Лайла притихла, даже затаила дыхание, значит, прислушивается к его словам. Прислушивался и мистер Булабой: к спокойному, ровному голосу в душе — то заговорила в нем не совесть, а обычный здравый смысл, в былые дни (со времен женитьбы) заглушаемый чувствами да тягой к беззаботной легкой жизни.
— Ну что ж, если ты, Лайла, не скажешь мне, что это за новое здание, скажу тебе я. Как только ты купила у душеприказчиков мистера Пилаи эту гостиницу, ты сразу вознамерилась построить новое здание, да не тут-то было: заупрямились чиновники из управления планирования и развития, от которых зависело разрешение на постройку нового и снос старого здания, а также и банковские чиновники, от которых зависело, дадут ли тебе ссуду на строительство — всех их давнехонько подкупил консорциум. Верно? А директорат консорциума крепко невзлюбил тебя, Лайла, ведь ты их обскакала, завладев земельным участком, на котором стояла гостиница «У Смита», не дала им поживиться. Ты отлично знала их планы и сама была не прочь урвать что-то и для себя, однако они с тобой и разговаривать не стали, а взяли и построили «Шираз» рядом с нами. А теперь, раз Нансера будет бурно развиваться или еще бог знает почему, им, видите ли, вздумалось расширить сеть своих гостиниц. Ты все-таки выгадала, любовь моя, потому что они заинтересованы в нашей земле и выполнят твои условия, только бы эту землю заполучить. Она теперь стоит в несколько раз дороже, чем ты заплатила, а потом, ты в нее и гроша не вложила. Для тебя, любовь моя, в первую очередь важна земля, а не гостиница. Ты заботилась больше всего о своей наживе, а не о постояльцах. Их ты перепоручила мне, а кто я? Сейчас скажу. Ты всегда говорила, что я лицо нашей фирмы, точнее все, что от этого лица осталось. Что я мог сделать, ведь ты мне совсем не помогала, наоборот, только мешала. В Ранпуре и по сей день говорят: «В Панкоте можно остановиться в новомодном „Ширазе“, а если не удастся, позвоните старому Булабою, „У Смита“ вас всегда приютят, еще спасибо скажете». Согласен, Лайла, это не ахти какая похвала, но моя ли в этом вина? Я-то, дурак, думал все это время, что я и впрямь «лицо фирмы», старался, из кожи вон лез, чтобы побыстрее тяжкие времена миновать, а оказывается, я всего лишь за сторожа при земельном участке. Что ж, снесут бульдозеры нашу гостиницу, встанет здесь новое бетонное чудище. Но доброе имя Фрэнка Булабоя, бывшего директора гостиницы «У Смита», в Панкоте уничтожить труднее. Возможно, тебе сто раз наплевать на «лицо фирмы», и в твоих расчетах и махинациях ему места не нашлось, не знаю, не вникал, ума не хватает. Я же глупый человек, верно, ведь меня не тянет ни в Бомбей, ни в Калькутту, ни в Дели, ни в Лондон, ни в Париж, ни в Каир, ни в Нью-Йорк, ни в Варшаву, ни в Прагу, ни в Москву. Что мне там делать?
Он замолчал.
— И впрямь нечего, — прошептала жена, — потому что ты дурак.

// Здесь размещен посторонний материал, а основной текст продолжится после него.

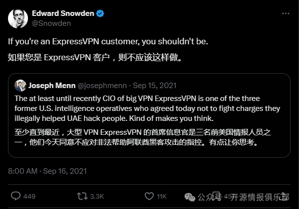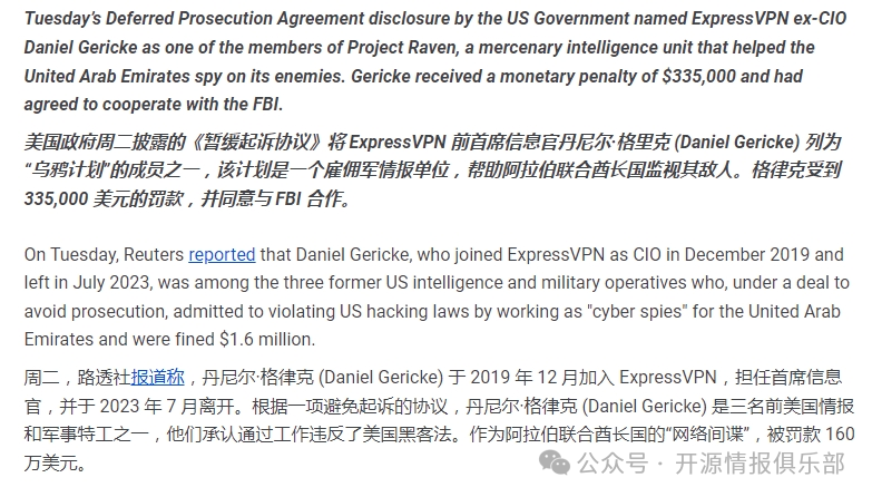 不幸的是,2019年至2023年擔任Express VPN首席技術官的丹尼爾·格律克 (Daniel Gericke)深度參與了此類可疑行為。路透社的一系列調查顯示,丹尼爾·格律克是一個名為“烏鴉計劃”間諜團伙的關鍵成員,該團伙是一個僱傭軍情報單位,幫助阿聯酋監視其敵人,其中入侵了人權活動家、記者和政府官員的設備,竊取了他們的數據並將其傳遞給阿聯酋政府。調查顯示,阿聯酋利用這些數據追蹤不同的政見者並對他們實施酷刑。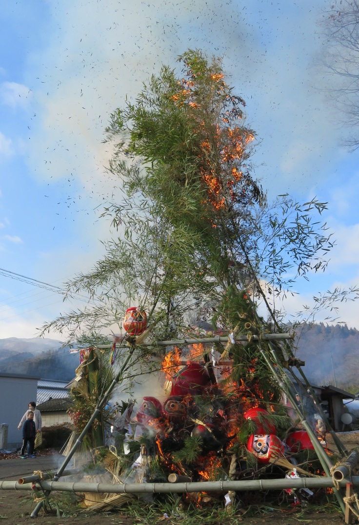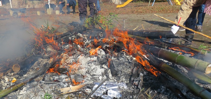 お正月が終わると姨捨を始めこの地区では「どんど焼き(しめ縄焼き)」が行われます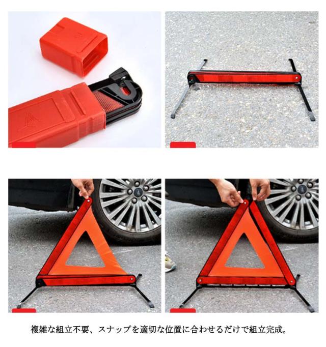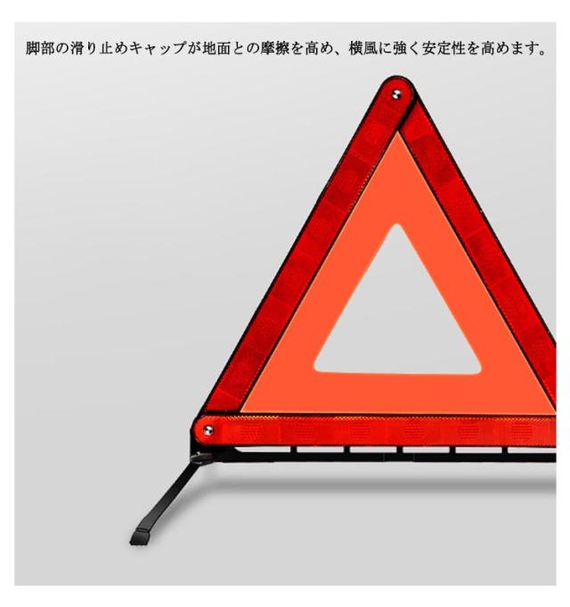 | 後続車からの追突事故を未然に防ぐ、視認性の良い三角反射板です。 反射材が視覚的な認知度を高め、夜間や雨で視界が悪いときでも目立つので、いつでも追突事故などの防止に役立ちます。 大型・強い反射で夜間でも見やすく、後方車両の警告に。 脚部の滑り止めキャップが地面との摩擦を高め、横風に強く安定性を高めます。 金属製の回転式スタンドは使用したい時、スタンドを広げるだけで展開します。 複雑な組立不要、スナップを適切な位置に合わせるだけで組立完成。 3個セットで緊急事故、道路工事、作業車、道路整備、トレーラーなどに。 | |

— Знаю, Лайла, знаю, любовь моя.
Она поднялась, повернулась к нему лицом, взглянула в упор.
— А знаешь, дураки иной раз, сами того не замечая, подают мудрые советы. Да, пожалуй, с меня запрашивают слишком много! Жулье! Скажи мистеру Панди, пусть придет минут через десять. А Мине прикажи явиться тотчас же. А сам пойди оденься. Ты мне тоже вскоре понадобишься.
— Я не приду, Лайла. Я буду принимать ванну. Потом оденусь. Потом позавтракаю чем бог послал. Потом займусь делами. Утром мне некогда.
— Но сегодня понедельник! — возопила она, — Ты должен прийти с отчетом.
— Воскресенье, понедельник — не все ли равно? Какой отчет может дать сторож земельного участка? Я пойду, хватит здесь стоять, прикрывая свой срам подушкой.
Он осторожно положил подушку на кровать и пошел к двери. Обернувшись, он встретил изумленный взгляд жены.
— Кстати, а как быть со «Сторожкой»?
— Не понимаю.
— Там ведь живут люди.
— Здесь, между прочим, тоже человек живет, — отпарировала она, — живет и думает: за что ей такая участь? Долго ли такая жизнь будет продолжаться? И стоит ли вообще жить, если вокруг все либо дураки, либо жулики! Позови-ка Мину.
— Сама позовешь, любовь моя. У тебя голос звучнее.
Ты дорого заплатишь за это, Фрэнк Булабой! — крикнула она удаляющейся голой заднице.
— Знаю, — спокойно отозвался тот, — знаю, как не знать.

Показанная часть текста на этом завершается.